Ask anyone who has done some travel how paralyzing it is not to understand or to be understood. The sense of alienation can be devastating. Like Looking at a menu and pointing at something you are not sure what it is, or thinking you ordered something to get something else totally different.

In my first trip to England as Cadet on the M/V Serra Verde, I was in a store with the Chief Steward. I had a coldsore and he tried to help by asking the store attendant for a chap stick for me. Not knowing the word in English he pointed to me and made a motion in front of his lips with his hand. The store attendant looked puzzled thinking that he wanted lipstick for me.

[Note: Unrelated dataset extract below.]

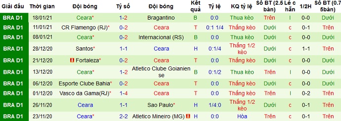 Tuy nhiên phong độ của Ceará vẫn khá thất thường. Ở 5 trận gần nhất Ceará có được 2 trận thắng, hòa 1 và để thua 2 trận. Thế nhưng thành tích trên sân khách của Ceará lại rất tốt khi bất bại ở cả 5 trận du đấu gần nhất, trong đó có tới 4 trận thắng.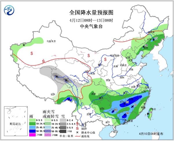 12日08时至13日08时,青海西南部、西藏北部、川西高原北部等地的部分地区有小雪到中雪或雨夹雪,其中青海西南部局地有大雪;东北地区东南部、西藏东南部、云南西北部、西南地区东部、江南、华南大部等地的部分地区有中到大雨,其中,湖南东部、江西中部、浙江西南部、广东中北部、广西东北部等地的部分地区有暴雨,局地大暴雨。新疆东部、内蒙古大部、东北地区中南部等地有4~6级风。新疆南疆盆地、内蒙古中西部、西北地区中东部等地有扬沙或浮尘。

Electronic translation is becoming quite popular as it gets more reliable. Word processing programs caries a tab that will translate any text to almost any language. But what happens when an English phrase is translated literally by computer?
As my written Spanish is not as good as my spoken Spanish, I send an email to the duty translator with the text I needed in Spanish. I walked to the office where the lady was doing her work and found to my amazement that she was using the computer to translate the text. However, the computer translation for “Dear Mr. Ramon” was “Querido Sr. Ramon”. Querido in Spanish means darling, beloved. I’m glad I caught the embarrassing mistake.

In a global environment the quest for meaning and security is seriously threaten by the ability to understand and be understood; easily what we express is lost in translation.  Antoine de Saint-Exupery in The Little Prince, a fable of love and loneliness, says that “Language is the source of misunderstanding.” Yet, the book was translated into more than 250 languages.